Thus, $L = f(P,D,\rho)$

where $f$ is a function to be determined.

From dimensional analysis, the lift $L$ can be easily derived:

The variables are Lift $L$, dimensions $MLT^{–2}$; Power $P$, dimensions $ML^2T^{–3}$; Rotor diameter $D$, dimensions $L$ and air density $\rho$, dimensions $ML^{–3}$

The variables form a non-dimensional product $k$

$k = L^a\cdot P^b\cdot D^c\cdot \rho^d$ where $a,b,c,d$ are numbers to be determined.

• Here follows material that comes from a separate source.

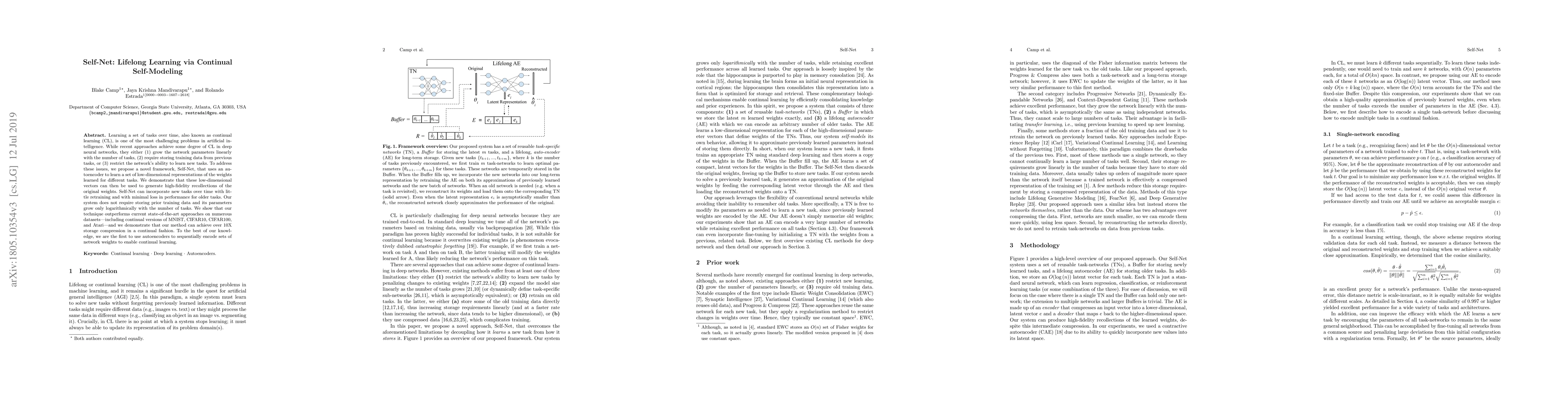Learning a set of tasks over time, also known as continual learning (CL), is one of the most challenging problems in artificial intelligence. While recent approaches achieve some degree of CL in deep neural networks, they either (1) grow the network parameters linearly with the number of tasks, (2) require storing training data from previous tasks, or (3) restrict the network's ability to learn new tasks. To address these issues, we propose a novel framework, Self-Net, that uses an autoencoder to learn a set of low-dimensional representations of the weights learned for different tasks. We demonstrate that these low-dimensional vectors can then be used to generate high-fidelity recollections of the original weights. Self-Net can incorporate new tasks over time with little retraining and with minimal loss in performance for older tasks. Our system does not require storing prior training data and its parameters grow only logarithmically with the number of tasks. We show that our technique outperforms current state-of-the-art approaches on numerous datasets---including continual versions of MNIST, CIFAR10, CIFAR100, and Atari---and we demonstrate that our method can achieve over 10X storage compression in a continual fashion. To the best of our knowledge, we are the first to use autoencoders to sequentially encode sets of network weights to enable continual learning.

Let’s form now a parallel product $k^*$ with the dimensions:

$k^* = (MLT^{–2})^a (ML^2T^{–3})^b (L)^c (ML^{–3})^d$

Clearly, $k^* = M^0 L^0 T^0$... We now take the exponents for each dimension:

$a + b + d = 0 \\ a + 2b + c – 3d = 0 \\ –2a – 3b = 0$

We make $a = 1$, since $L$ is the variable we’re going to solve for.

$b = –2/3 \\ d = –1/3 \\ c = –2/3$

Then,

$k = L^a\cdot P^b\cdot D^c\cdot \rho^d \rightarrow k = L\cdot P^{–2/3}\cdot D^{–2/3}\cdot \rho^{–1/3}$

Solving for $L$

$L = k\cdot P^{2/3}\cdot D^{2/3}\cdot \rho^{1/3}$

where $k$ is a constant to be determined...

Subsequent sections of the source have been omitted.